Counsel for the respondent, Mr. Kimondo does not appear to have made a reply to the issues in dispute. He agrees with the timing of the implementation of the court orders of 23rd January, 2013 but contends that the current situation arose out of release of casual employees from employment in terms of their contracts of employment. There is nothing unusual in this, or at all.
He also submits that redundancy does not apply in the circumstances and neither is this proven by the claimant. That this application is an offshoot of the layoff of 8th February, 2013 which the claimant does not prove was made by the respondent. That other unions have undertaken recruitment and one of them is now recognized.
The applicant on his part disagrees with the recognition agreement and deems the same a sham and submits that the respondent is trying to mislead the court. He further submits that on 19th March, 2013 the union purported to sign a recognition agreement but was chased away by the respondent’s workers. That the purported recognition agreement is intended to defeat and frustrate the court orders of 23rd January, 2013.
The counter replying affidavit by the applicant/claimant reveals a sad industrial relations exercise on the part of the respondent. Whereas it is averred and submitted that the applicant has recruited 500 members as at 30th January, 2013, sixteen of these have had their services terminated for joining this union. Further, from the 8th March, 2013 the respondent has continued to lock out the applicant from recruiting members in Nairobi and Ruiru. He (respondent) continues to threaten and intimidate employees against being recruited into the union.

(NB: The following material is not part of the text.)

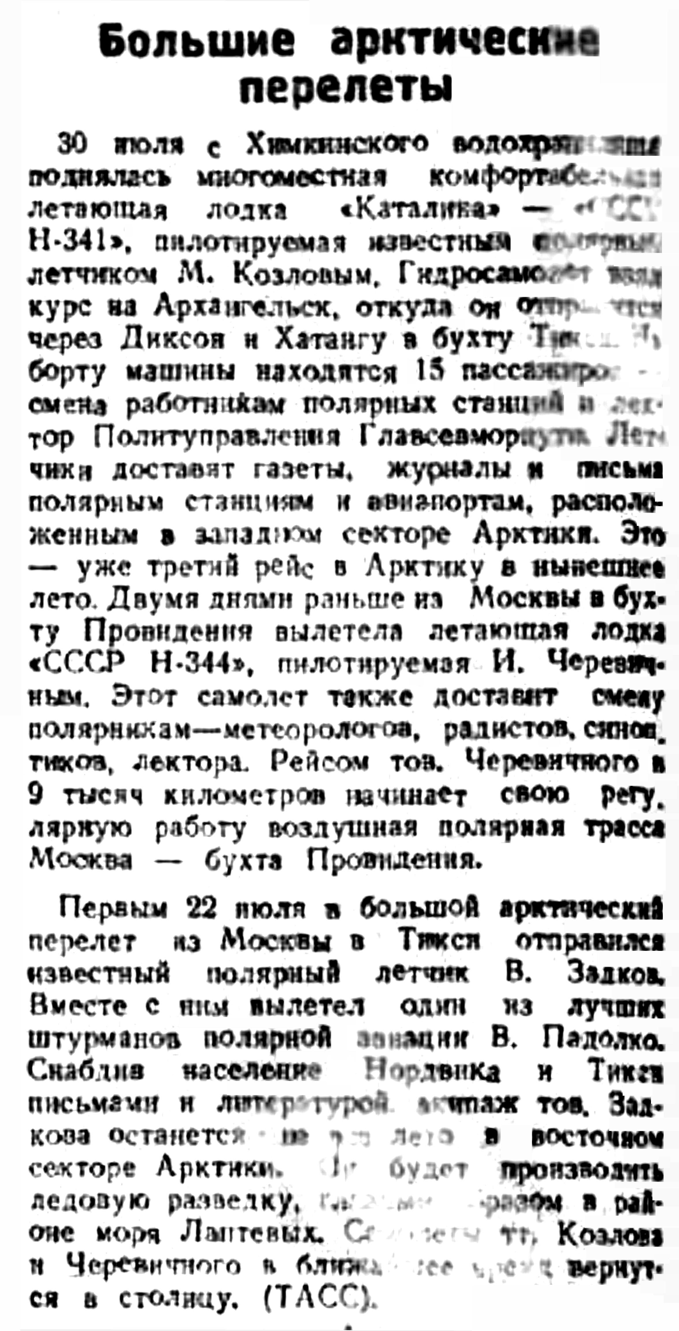 30 июля с Химкинского водохранилища поднялась многоместная комфортабельная летающая лодка "Каталина" — "СССР Н-341", пилотируемая известным полярным летчиком М. Козловым. Гидросамолет взял курс на Архангельск, откуда он отправится через Диксон и Хатангу в бухту Тикси. На борту машины находятся пассажиры - смена работников полярных станций и лектор Политуправления Главсевморпути. Летчики доставят газеты, журналы и письма полярным станциям и авиапортам, расположенным а западном секторе Арктики. Это — уже третий рейс в Арктику в нынешнее лето. Двумя днями раньше из Москвы в бухту Провидения вылетела летающая лодка "СССР Н-344", пилотируемая И. Черевичным. Этот самолет также доставит смену полярникам — метеорологов, радистов, синоптиков, лектора. Рейсом тов. Черевичного в 9 тысяч километров начинает свою регулярную работу воздушная полярная трасса Москва — бухта Провидения.

On 23rd January, 2013, this court issued clear orders of court dictating appropriate industrial relations exercise by the parties. All this time there appears to be defiance of these court orders. In evidence, the applicant wrote a letter marked Appendix III to the respondent headed Imminent Court Contempt in which he cites his sentiments that the respondent is frustrating, and derailing the implementation of the court order. In as much as the respondent denies the above, this appears a clear cut case of contempt of court.
The court cannotsuo moto invoke issues of contempt in the circumstances. It requires the prompting of parties to this suit. The circumstances of this case call for an application in contempt of court proceedings but instead the court is requested to issue orders for;
(i)Reinstatement of the 16 workers pending determination of this suit.
(ii)Payment of the 16 employees for the three days they are out of employment.
(iii)Order and direct the respondent from victimizing intimidating and harassing her employees until the determination of this suit.
Does prayer No. 5 intimate that such victimization, intimidation and harassment of employees would be appropriate and affordable after the determination of this suit? Drafters beware!
The application before court is largely similar and a replica of the one determined by this court on 23rd January, 2013. Here, the court made clear orders and paid glaring tribute to the practice of appropriate industrial relations inter parties. These court orders have, in accordance with this application not borne fruits due to the transigiency of the respondent. What assurance does the court have that making further orders as prayed shall yield different results?
This court cannot be involved in an exercise in futility. It would be reinforcing its own contempt. I therefore decline to issue the orders as prayed and implore upon the applicant to, if interested, bring out the relevant application for applicable and appropriate orders with a view to having this matter thrashed once and for all.
Dated and delivered this 23rd day of April, 2013.